It’s only a paper moon is a song written in 1933 that has since been used for a host of jazz improvisations and has been performed by literally dozens of famous artists, from Nat King Cole to Ella Fitzgerald, Bing Crosby and, more recently Lena Zavaroni and Ute Lemper.
It was from this song’s title that the movie director Peter Bogdanovich drew the inspiration for the title of his 1973 film Paper Moon (praised by Orson Welles for its title as well as its contents). And even one of the instalments of the Deep Space Nine series of the television evergreen Star Trek was named It’s Only a Paper Moon.
As in the case of so many other popular songs, the lyrics do not mean so very much in themselves.
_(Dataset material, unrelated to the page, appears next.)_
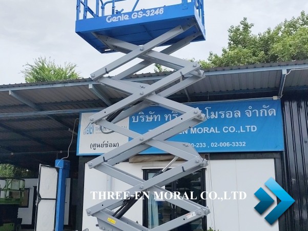 รถกระเช้า Scissor Lift Genie GS-3246 แบรนด์ที่นิยมที่สุดในตลาดรถกระเช้า ใช้งานได้อเนกประสงค์ มีความปลอดภัยสูง อะไหล่หาง่าย มาตรฐานอเมริกา ทดสอบการใช้งานให้ดูทุกระบบ

And yet several revealing statements can be found using the sampling technique:
I never feel a thing is real
Mmm, mm, mm, mm
Say It’s only a paper moon / Sailing over a cardboard sea / But it wouldn’t be make-believe / If you believed in me
These are statements – especially the first two – that illustrate and record the idiosyncratic language of art.
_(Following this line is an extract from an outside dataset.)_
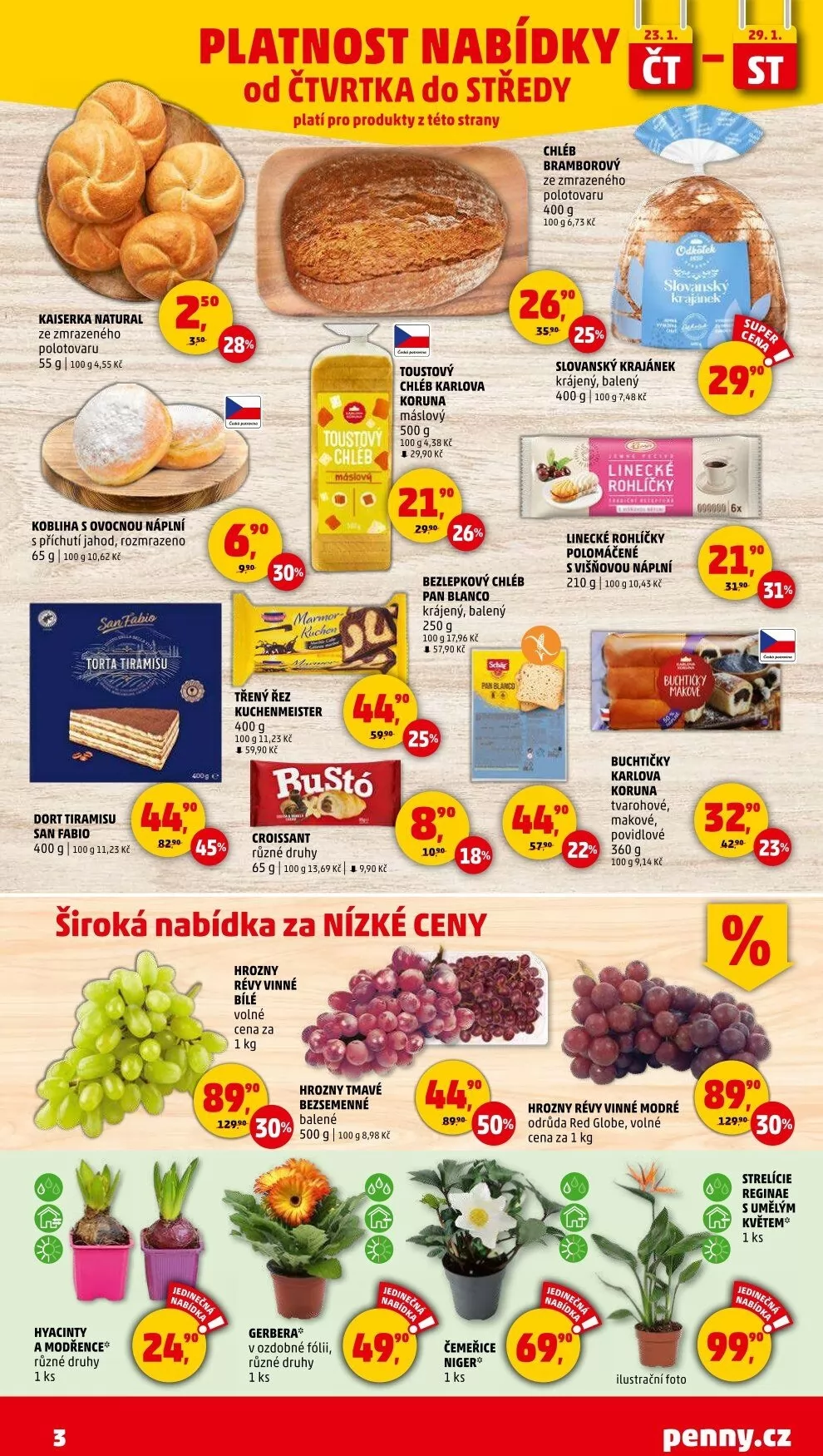V letáku obchodu Penny Market najdete širokou nabídku produktů za výhodné ceny. Od čtvrtka do středy můžete zakoupit chléb, včetně bramborového a bezlepkového, nebo lahodné kaiserky a koblihy s ovocnou náplní. Nechybí ani dort tiramisu a různé druhy croissantů.

Two centuries ago, the English poet Samuel Taylor Coleridge proposed the “willing suspension of disbelief” in favour of artistic experience.
For many contemporary artists, this suspension of disbelief has a dual value, concerning both the value of representation and a form of active critique of the “orientations” of information (and so of belief and of common sense).
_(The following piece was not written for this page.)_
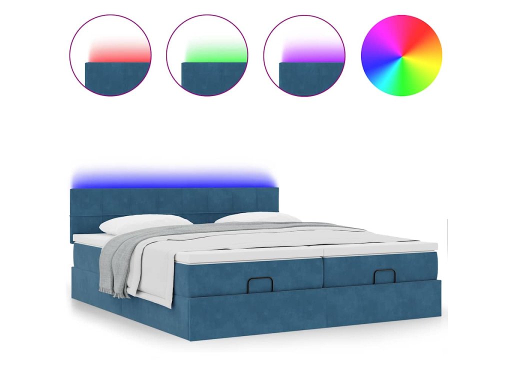 - Světla LED pro příjemnou atmosféru: Tato postel je vybavena LED osvětlením, které lze snadno nastavit a vytvořit tak individuální světelnou atmosféru. Umožňuje přizpůsobit režimy, barvy a jas, abyste si vytvořili příjemnou atmosféru svého interiéru.

That expression “mmm, mm, mm, mm” is a sort of post-minimal response, both to the nature of what we see and to the authentic expression of an unease or of a difference in views (which is similar, but obviously has a rather different value from the dubious “mmm, mm” of the cryptic codified messaging used in chats).
It’s Only a Paper Moon seemed to us to be an appropriate title, adopting a gentle design approach, for an exhibition of “works about paper and on paper” that offers a variety of different examples to indicate linguistic processes, exercises in style (such as the original practice of d’après, meaning “inspired by”), humorous reformulations of perception and cutting social commentary.